Following on from our trip to Tiree our next stop was at some of the most startling countryside in the Highlands of Scotland, Glen Coe. The spectacular scenery dates back hundreds of million years, when mountains were formed through violent volcanic eruptions and later sculptured by immense glaciers.
We stayed at the Glencoe Camping and Caravan Club Site, adjacent to the Glencoe Green Way, with excellent facilities, good size pitches but very busy as it was on the NC500 route. A compliment must be paid to the club staff who were some of the friendliest we have come across on our travels.
For the first time ever, the Glencoe Greenway makes it possible for folk to walk and/or cycle on a completely traffic free route through this dramatic landscape along side the very busy ,and fast A82. Glen Coe village is a two mile walk on the Greenway, but in all honesty other than being a cute wee village there’s not really a lot for the visitor to enjoy.

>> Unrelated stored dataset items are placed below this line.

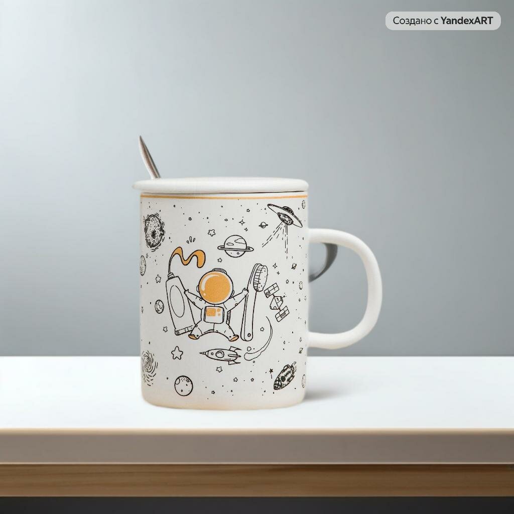 10 цен на Кружка Космический мультик (N 2) 370 мл, кружка с крышкой и ложкой детская, подарочная Космос 12 апреля День космонавтики, 23 февраля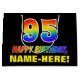 This cheerful, colourful, and fun birthday-themed gift bag design features a large number "95" and the message "HAPPY BIRTHDAY,", both coloured with a rainbow spectrum gradient inspired pattern, along with a bold yellow editable recipient name. The background is coloured black. A fun gift bag like this might be used when giving a gift or present in honour of somebody’s 95th birthday. [~Z0000477]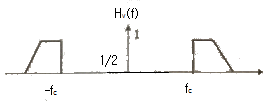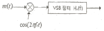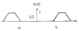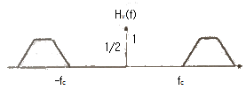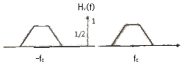 다음 그림에 나타난 VSB의 변조과정을 보면 정보신호 m(t)에 주파수가 fc인 반송파를 곱하여 DSB 신호를 만든다. 이를 VSB 필터 Hv(f)를 통과시켜서 전송신호를 만든다. 이 과정에서 사용되는 VSB 필터의 주파수응답으로 적절한 것은?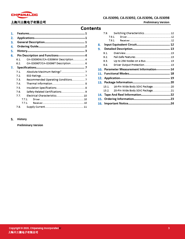 This datasheet PDF includes multiple part numbers: CA-IS3096, CA-IS3090. Please refer to the document for exact specifications by model. |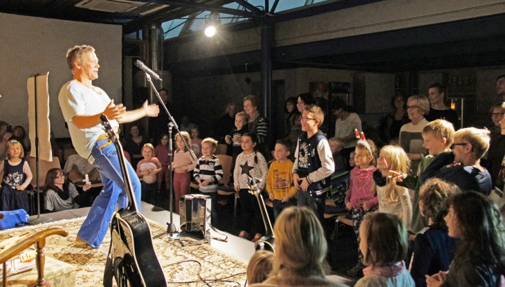 Besonderen Witz erhalten die Geschichten durch die absurden Momente. Das Schwein, das an der Tankstelle aus Versehen vollgetankt wird, oder Omas Dackel, der im Cabrio Musik hört und sich im WC Früchtetee macht, könnten direkt der bunten Vorstellungswelt von Kindern entspringen. Junge wie ältere Zuhörer klatschten und sangen bei den mit viel Wortwitz und Reimen angereicherten Songs vergnügt mit. Der Wechsel der Instrumente – Geraldino spielte Gitarre, Akkordeon, Ukulele und Mundharmonika – machte die Vorstellung noch kurzweiliger.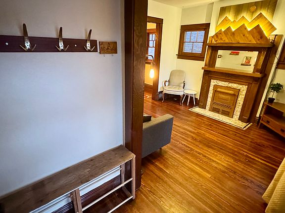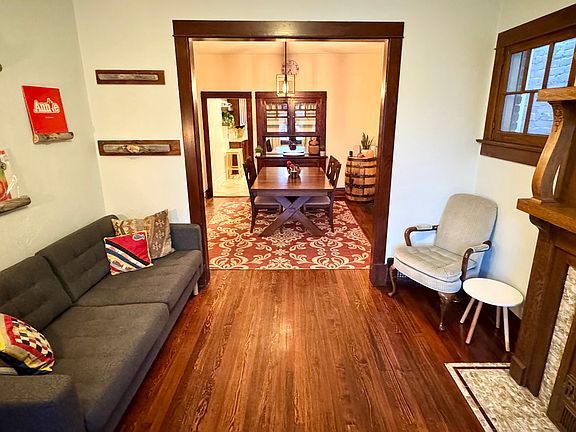 - Living Areas: Dining room table/chairs with leaf, original wood floors, fireplace (not functioning), custom wood artwork, couch/chairs/lamps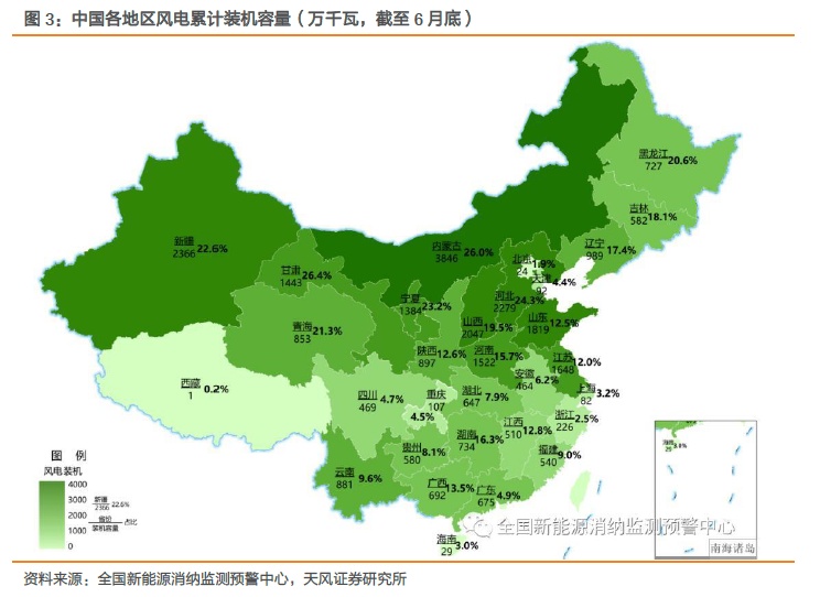 再来看 “少风” 问题。我国风电装机大部分在北纬 35-65 度的地区,主要是新疆、甘肃、内蒙、青海、宁夏北部省份,这里的风资源比较充足。但是最近几年风电效率持续降低,2020 年是 1472.7 个小时,比 2018 年下降了 16.6%。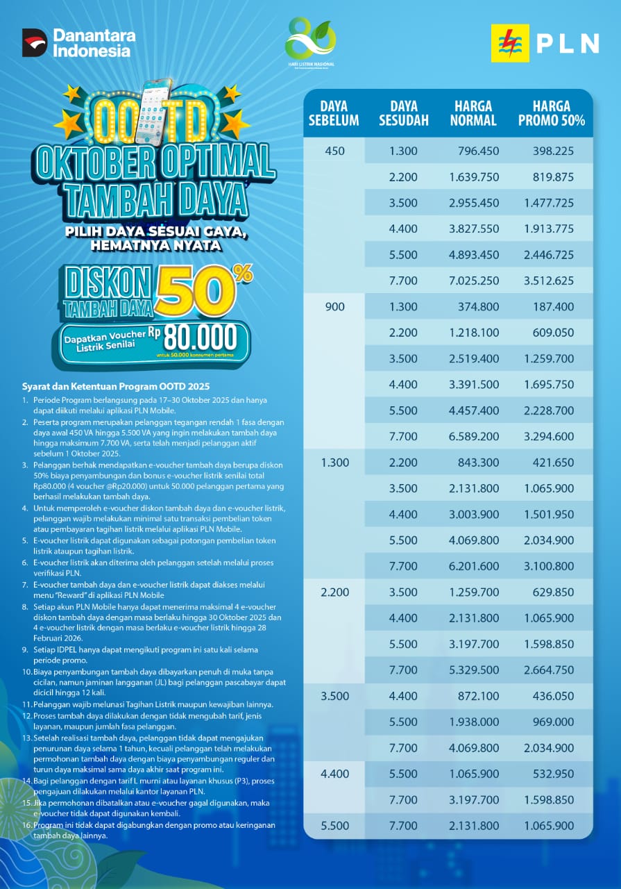 Promo ini dapat dinikmati oleh seluruh pelanggan tegangan rendah satu fasa di semua golongan tarif dengan daya awal 450 volt ampere (VA) hingga 5.500 VA, yang ingin menambah daya hingga 7.700 VA. Adapun ketentuannya yaitu telah menjadi pelanggan PLN sebelum 1 Oktober 2025.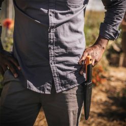 uma faca de jardim multifuncional projetada para remover ervas daninhas, plantar, dividir, transplantar e muito mais, a ferramenta de jardim fiskars & hori hori tem uma lâmina de aço inoxidável resistente à corrosão com uma espiga estendida para maior durabilidade. esta faca de dois gumes apresenta uma borda afiada e retificada com precisão para cortar grama e sistemas de raízes e uma borda serrilhada para serrar vegetação espessa. uma ponta bifurcada facilita o trabalho de remoção de ervas daninhas, enquanto as medidas métricas e inglesas de fácil leitura garantem uma profundidade de plantio precisa. uma alça ergonômica e macia oferece conforto e controle, enquanto uma bainha de plástico rígido incluída com presilha para cinto oferece armazenamento e portabilidade convenientes.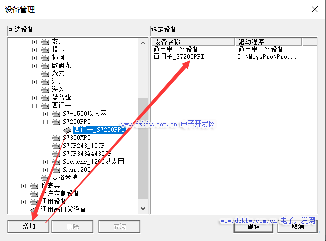 第四步:(把西门子_S7200PPI驱动添加至右侧选定设备通用串口父设备之下)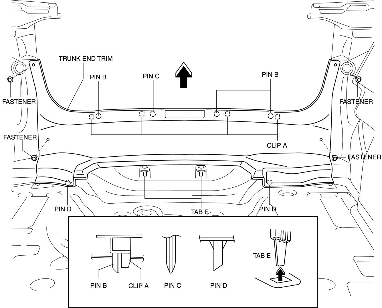 4. Pull the trunk end trim indicated in the arrow shown in the figure, then detach clips A, pins B, pin C, D and tabs E.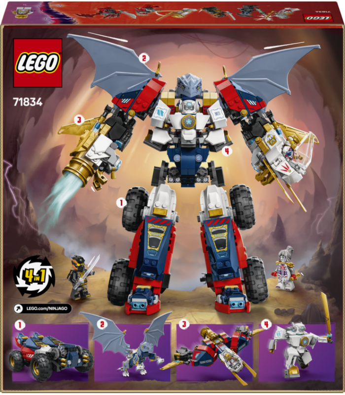 | Alfashop | LEGO Ninjago Zane’i Ultra robotikomplekt GTIN: 5702017815695 LEGO, arendavad mänguasjad <p>• Neli ühes robotimänguasi lastele – 9-aastased ja vanemad poisid ja tüdrukud saavad taasluua tegevusi sarja NINJAGO® Dragons Rising 3. hooajast selle Zane’i Ultra robotikomplektiga<br />• Muudetava asendiga NINJAGO® mänguasi – suurel robotil on muudetava asendiga jalad, käed, randmed, sõrmed ja pea, lisaks draakonitiivad, kokpit, 2 laskurit ja suur mõõgatarvik<br />• Eemaldatavad ninjamudelid – Zane'i Ultraroboti saab jagada 4 väiksemaks mudeliks: reaktiivlennukiks, automänguasjaks, tegevusfiguuriks ja draakoniks<br />• 6 LEGO® NINJAGO® minifiguuri – selles seiklusmängukomplektis on ninjad Sora ja Cole ning nende liitlane Pixal, kes astuvad vastu kurikuulsale kolmikule: Nokt, draakonisõdalane ja draakoniskaut<br />• Sünnipäevakingitus lastele – see seiklusmänguasi pakub lõbusat ehitamis- ja mängukogemust ning on kingiidee lastele, kellele meeldib mängida ninjakangelastega<br />• Suuremad ninjaseiklused – vaata ka teisi NINJAGO® mänguasju (müüakse eraldi), kus on templid, robotid ja sõidukid<br />• Ninjamänguasjade universum – LEGO® NINJAGO® komplektid võimaldavad lastel koos ninjakangelastega põgeneda seiklusrikkasse fantaasiamaailma<br />• Mõõdud – selle lastele mõeldud 1187-osalise LEGO® ehituskomplekti robot on 35 cm kõrge, kui tiivad on üles tõstetud</p> | 3-6 tp | 82,81 € | Poodi | |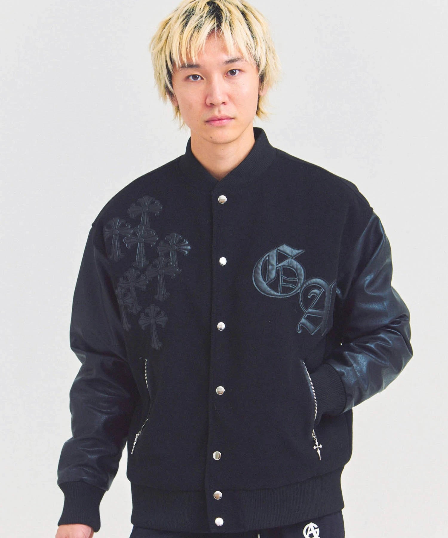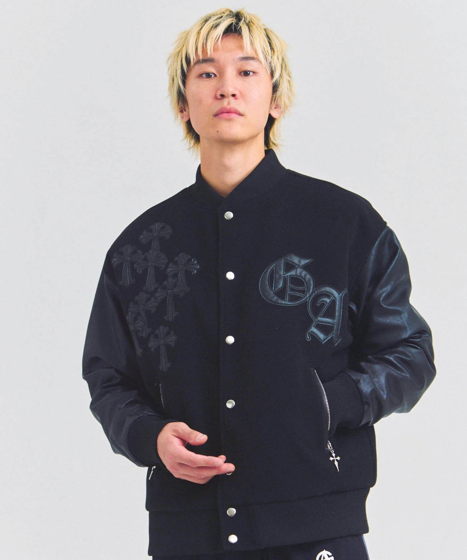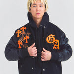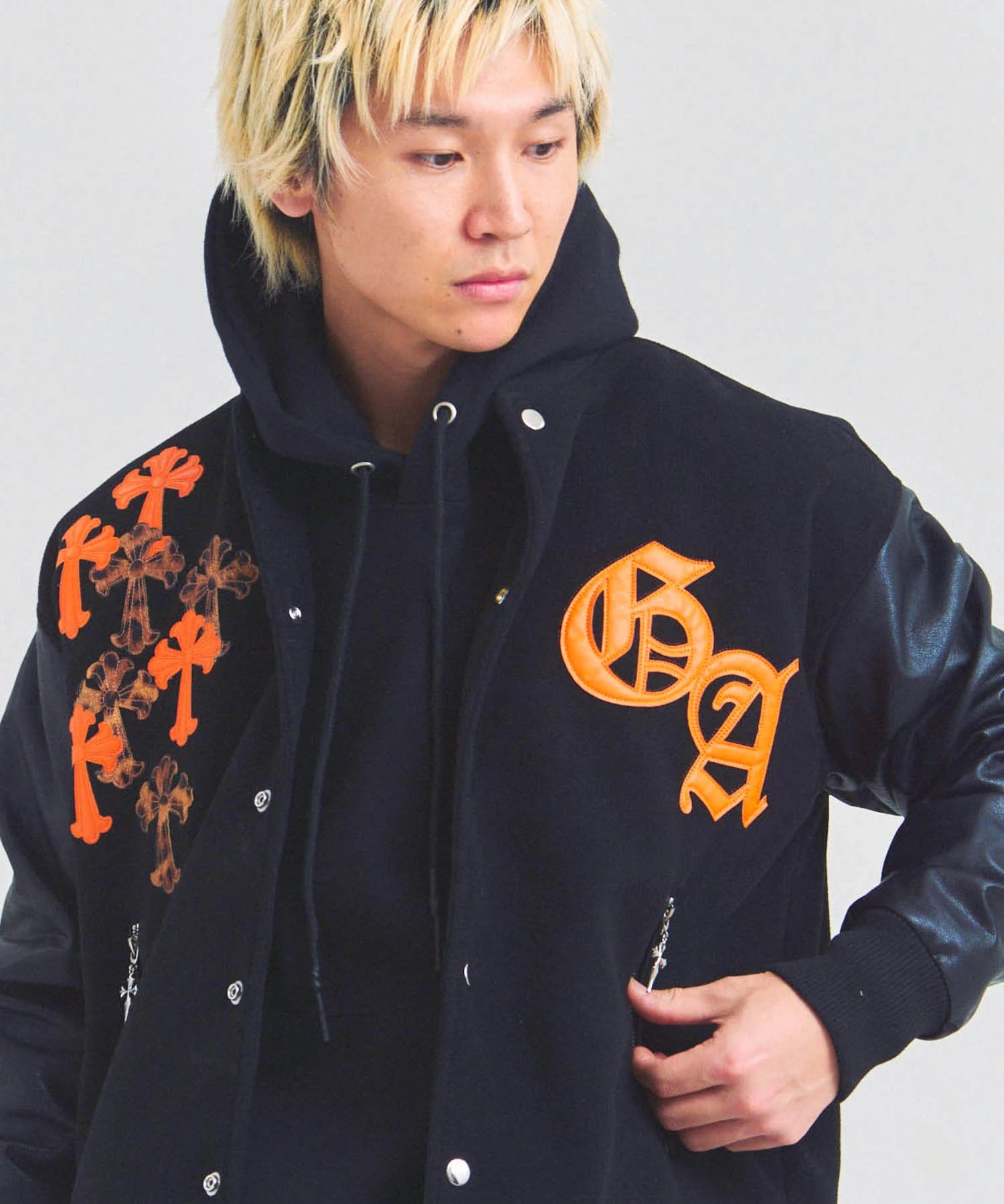 クラシックなスタジャンデザインをベースに、モダンな“クロスモチーフ”刺繍を前後に配した存在感のある1枚。中綿入りで軽く暖かく、秋冬のデイリースタイルに最適です。ブラックはシックに、オレンジは遊び心を添えるカラーアクセント。肩・袖の切り替えが立体感を演出し、コーディネートの主役として映えます。

A little further on using the same pathway is the village of Ballachulish which is a far better prospect to explore.
It lies on the south side of Loch Leven to the west of Glen Coe and is famous for its slate quarries which go back to 1693 and was used to provide the roofing slate for much of Edinburgh and Glasgow. Although quarrying no longer takes place its quite a tourist attraction. The village itself is very attractive and has a nice visitors centre, serving food and drink, and a well stocked Co Op supermarket.
The village did boast two two places of worship. The Church of Scotland, built in 1845 its now closed and in private hands. The owner is in a battle with the local authorities over converting and prolonging the life of the building.
St Mun’s Catholic Church was built 1836 and is seemingly not changed apart from the addition of the Priests House to the side. As you can see its still very well cared for and loved by its congregation.
A very short walk from the camp site is the Glencoe National Nature Reserve Visitors Centre which is a great source to find out the history of the area. Hundreds of Highlanders from Clan Donald of Glencoe once made their home in what are now long lost townships.
A turf and creel house has been recreated by hand using traditional craft skills. Not only can you see a wee film about the building of the house, but the centre offers a free guided tour of the building. Which is most interesting and well worth while. taking advantage of.
Following on from your tour you can can enjoy something to eat and drink at the Highland Coo Cafe, inside the visitors centre.
| The ruins of the old settlement where killings took place. |
One of the most infamous and shameful acts of betrayal acts took place in Glen Coe was the Massacre of Glencoe in 1692. On the orders of William of Orange the Protestant King at the time soldiers, who had enjoyed the hospitality of the MacDonald Clan for 11 days, rose in the night and butchered their hosts. MacIan and 33 of his men , two women and two children were either put to the sword or shot dead. Many others members of the MacDonald Clan perished in the deep winter snow blizzards as they tried to escape. All stemmed from a ruling that all Clan Chiefs, many of which had remained loyal to King James 2nd, where told to swore an oath of allegiance before January 1st 1692 and therefore would be regarded as loyal subjects and no action would be taken against them. But due to various administration problems MacIan was unable to take the oath before the dead line.
There were certainly other places on the Greenway to enjoy if you head south.
| Loch Achlriorochtan. |
A small shallow fresh water loch located to the east go Glen Coe village.
| An Torr |
A small mixed woodland owned by the National Trust for Scotland. Marked paths through the wood lead to Signal Rock.
| Signal Rock. |
I am stand standing on Tom a' Ghrianain, Gaelic for Hill of the Sun, capped by Signal Rock. Many myths and legends surround Signal Rock and tradition has it that this was the gathering point for the MacDonalds of Glencoe at times of emergency. The rock may have taken its name from its use over the years as a site for lighting a beacon, and some people believe that it was here that a fire was lit to signal the start of the Massacre on 13 February 1692. However, there is no evidence to support this theory.